Why Compliance Matters
In an increasingly regulated financial world, there have been arguments that firms and sectors are capable of self-regulation. The recent recession and financial crisis however has brought home the realisation that effective regulation and compliance creates a safety net for both firms and consumers when there is a dip in the economy.
To begin, what is Compliance?
The Merriam Webster dictionary defines compliance as the act, or process of complying to a demand, proposal, regimen or to coercion. To discuss why compliance is important, it is important to know what happens when a firm is not compliant with the relevant rules and regulations. Consider a game of football. There is a pitch, goalposts, football teams and spectators to watch the match. As the game begins, the spectators start to notice that something is not quite right. There is no referee in sight on the pitch. Using this analogy, compliance matters because the compliance team is the internal referee for most financial service firms.
Financial Services Regulation in the UK is focused on protecting consumers. This is because consumer protection is one of the FSA’s statutory duties, but this can also be seen as a general trend towards consumer protection and business ethics. For instance, over the past few years, there has been a lot of talk about the ethics of the city. FSA regulation has evolved over the past decade from rules; moved to principles based regulation and is now based on a combination of rules and principles. Even more importantly, FSA regulation is outcomes focused which means that if the rules and principles are not enough to protect consumers or perhaps prevent financial crime, firms now have to go beyond the stated rules and regulations to ensure that consumers are protected or financial crime prevented.
In 2011, HSBC was fined £10.5m for failing to ensure that suitable advice was given to the elderly customers of its subsidiary NHFA Ltd. In this case, advisers at NHFA Ltd advised elderly consumers many of them, living in care homes to buy medium term investments that were over a longer time period in some cases than their life expectancy. Although this is unquestionably irresponsible and unethical business behaviour, if there were no rules or principles prohibiting it which could be enforced, this would be a case of a big business treating it customers appallingly and getting away with it.
Similarly, firms have been fined for practices such as failures in creating and maintaining good systems and controls to ensure that customers are treated fairly. Credit Suisse in particular was fined nearly £6 million for failing to document that it had assessed the level of risks that client were willing to take and had retrospectively amended records in response to an FSA file review.
Compliance is important for businesses because a good compliance service will detect gaps in the system and controls of a Firm. Detecting these gaps in firm’s adherence to relevant rules and regulations in itself gives firms a chance to create stronger systems and controls and will reduce the possibility of breaching regulatory requirements. A good compliance service will assist firms in finding viable solutions that will enable them to meet their regulatory needs. Regulatory requirements such as stress testing, also helps firms to evaluate their liquidity risks and prepare themselves for financial difficulties or recession.
A compliance team can also act as the ethical barometer of a firm.
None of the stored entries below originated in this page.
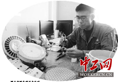 图为李国庆利用午休时间在修理LED灯。车玉花 摄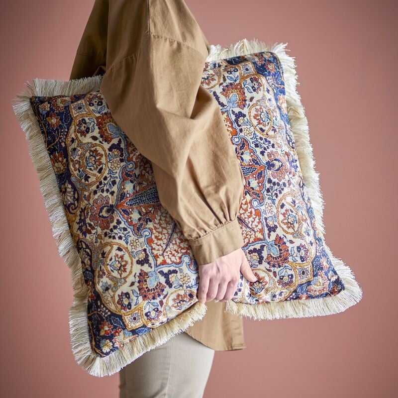Bloomingville Asu koristetyyny tuo sisustukseen lämpöä ja kuviollista ilmettä. Tyynyä koristaa näyttävä kukkakuvio ja lyhyt hapsureuna. Pehmeä polyesteritäyte tekee tyynystä mukavan lisän sohvalle, nojatuoliin tai sängylle.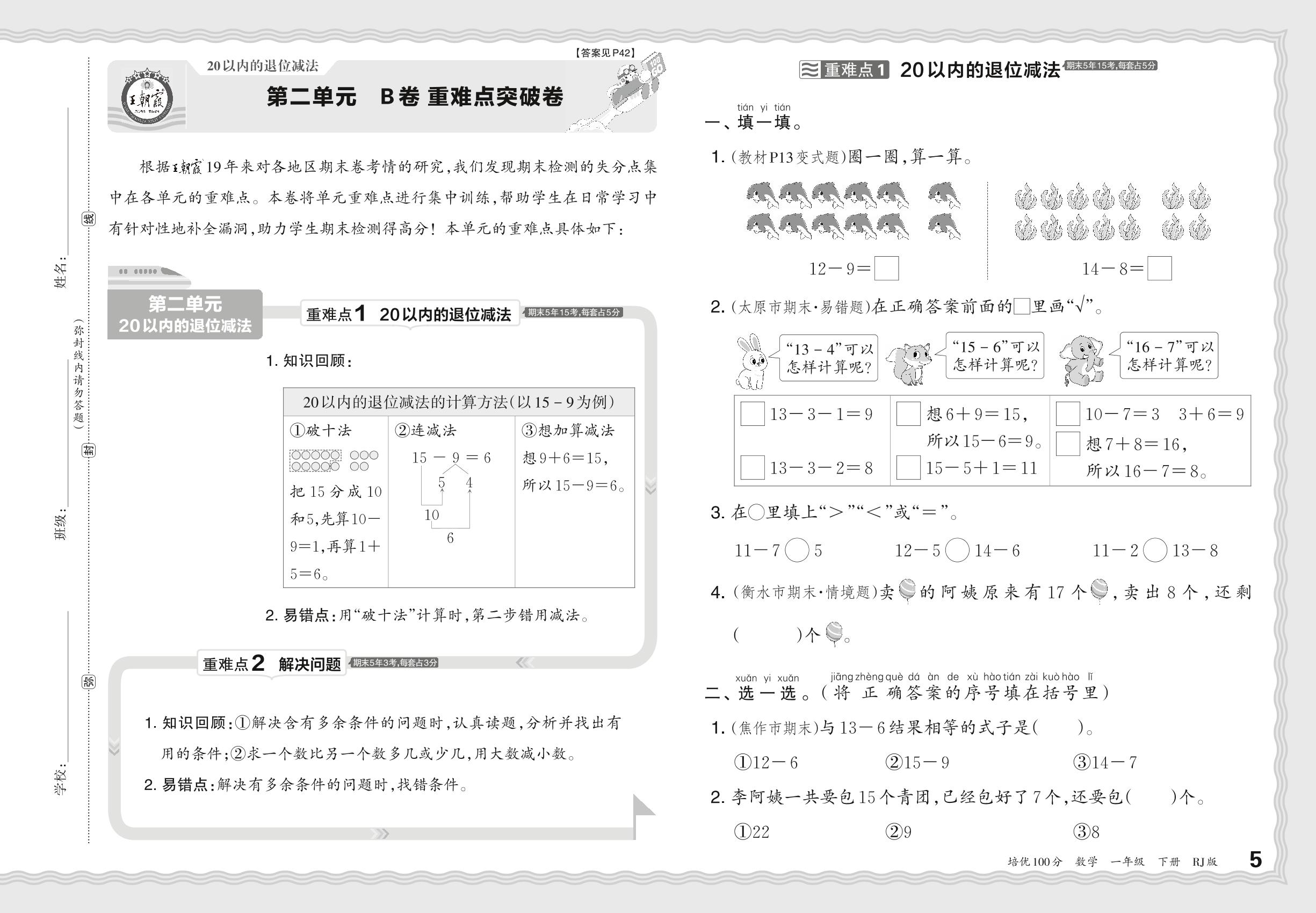 2024春下册一年级数学人教版 第二单元 B卷 重难点突破卷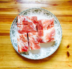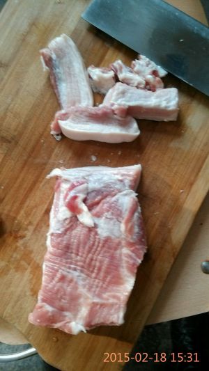1.将五花肉与凉水一起下锅,水开后在煮2-3分钟。然后关火捞出,用温水洗去血沫,切成块状待用。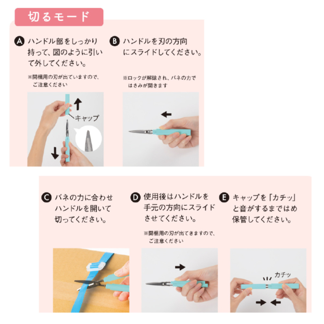 「切る」「開ける」2つの機能を1つにしたスティック型はさみ。

This could be through the development of internal policies or best practice guides to ensure that the firm not only complies with rules and regulations but also develops and maintains good businesses ethics. As ethics is concerned with the morality / the right or wrong effects of decisions, It is fair to assume that when ethics is applied to businesses, it can help to reduce the risk of firms carrying out their business in ways that are unfair to customers and improves the reputation of the firm involved.
Both the FSA and the SEC recognise the importance of ethics in business. In the UK, individuals appointed to significant influence functions and customer functions are assessed to ascertain whether they are fit and proper before becoming approved by the FSA. Approved persons are required to conform to a code of practice which assigns personal culpability for breach of the ethical standards contained in the statement of principles for approved persons. Hector Sants, the Chief Executive of the FSA in a 2010 speech “Can Culture be regulated” noted that when he joined the FSA, he was told by senior management that “the FSA do not do ‘ethics”. This view has since changed to an acceptance that regulators cannot avoid judging culture. As ethics is one of the key aspects of a firm’s culture, a compliant firm is now not only required to be compliant with regulations and rules or principles but also demonstrate that it has a good compliance culture.
The question then is not why compliance is important, but what can firms do to ensure that they are fully compliant.